My CSV file looks garbled — the columns are wrong. What's happening?

This is almost always a delimiter issue. Not all CSV files actually use commas — some use semicolons (very common in European locales where commas serve as decimal separators), tabs, or pipe characters. DataForge auto-detects the delimiter using an intelligent parser, but if your file uses an unusual separator, the detection might guess wrong. Try opening the file in a plain text editor first to see what character sits between your data fields. If it's something unexpected, look for the delimiter option in the converter settings to specify it manually.

Can I convert a Google Sheets file?

Download it from Google as XLSX or CSV first (File → Download), then upload here.
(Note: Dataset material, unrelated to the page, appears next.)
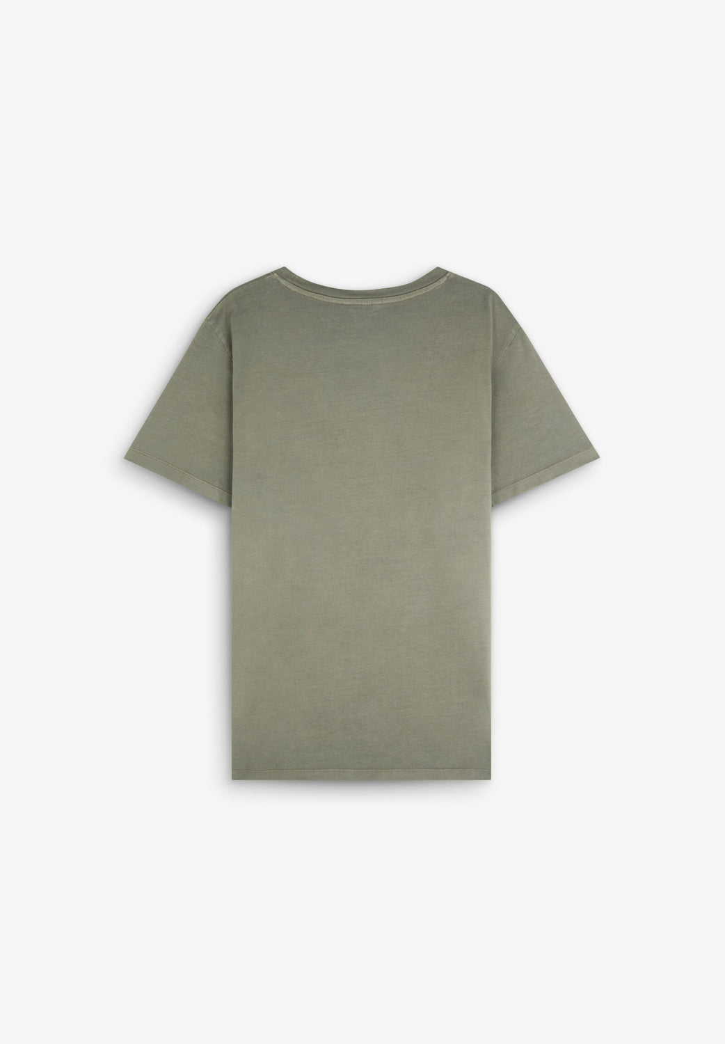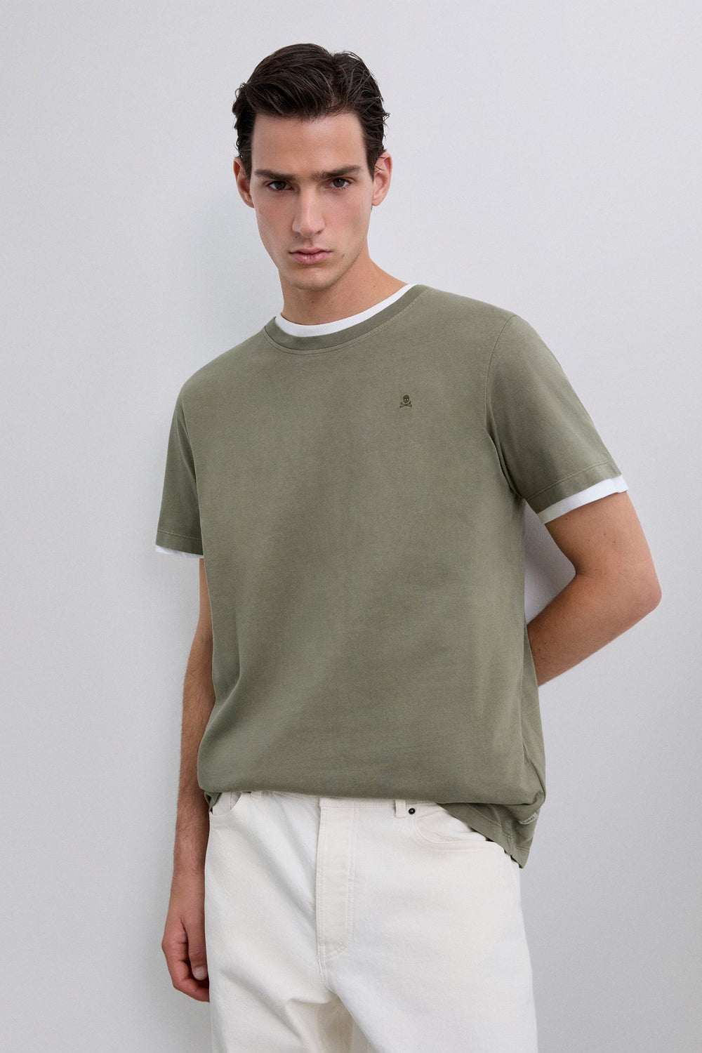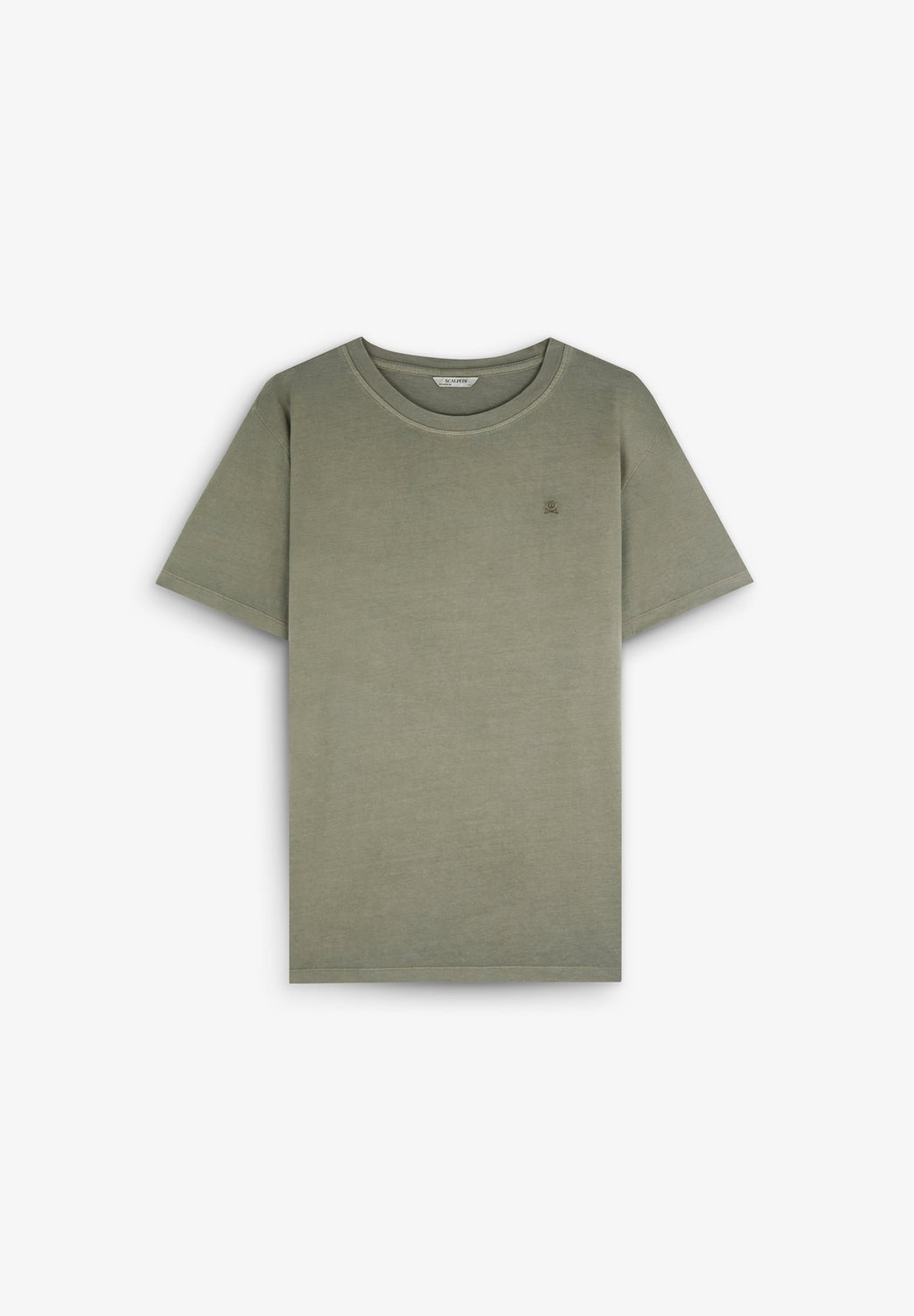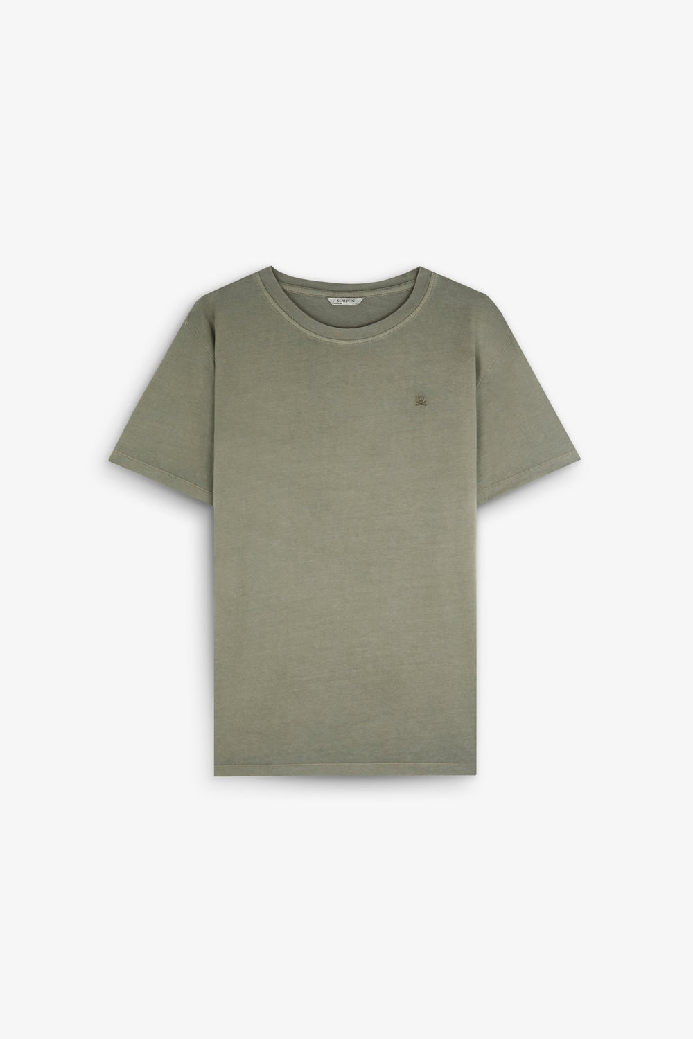 Camiseta confeccionada en 100% algodón BCI. Regular fit, cuello redondo y manga corta. Detalle de calavera bordada a tono.

No direct Google Drive integration since that would need server access.

What happens to formulas during conversion?

Formulas are evaluated and replaced with calculated values. CSV, JSON, and XML don't support formulas. XLSX is the only format that preserves formula definitions.

How does the tool handle dates?

Dates in Excel are stored as serial numbers internally. CSV output preserves the display format. JSON uses ISO 8601 for consistency. If dates appear as numbers, the source cells likely were not formatted as dates.

Can I preview data before converting?

Yes, a live preview table shows your data after upload. Check column headers, row values, and data types before converting.

Can I convert a spreadsheet with charts and graphs?

Charts and graphs are visual elements that don’t have a data equivalent in CSV, JSON, or XML. The converter extracts the underlying data from your cells — the numbers and text — not the visual representations. If you need to preserve charts, export from your spreadsheet application as PDF instead.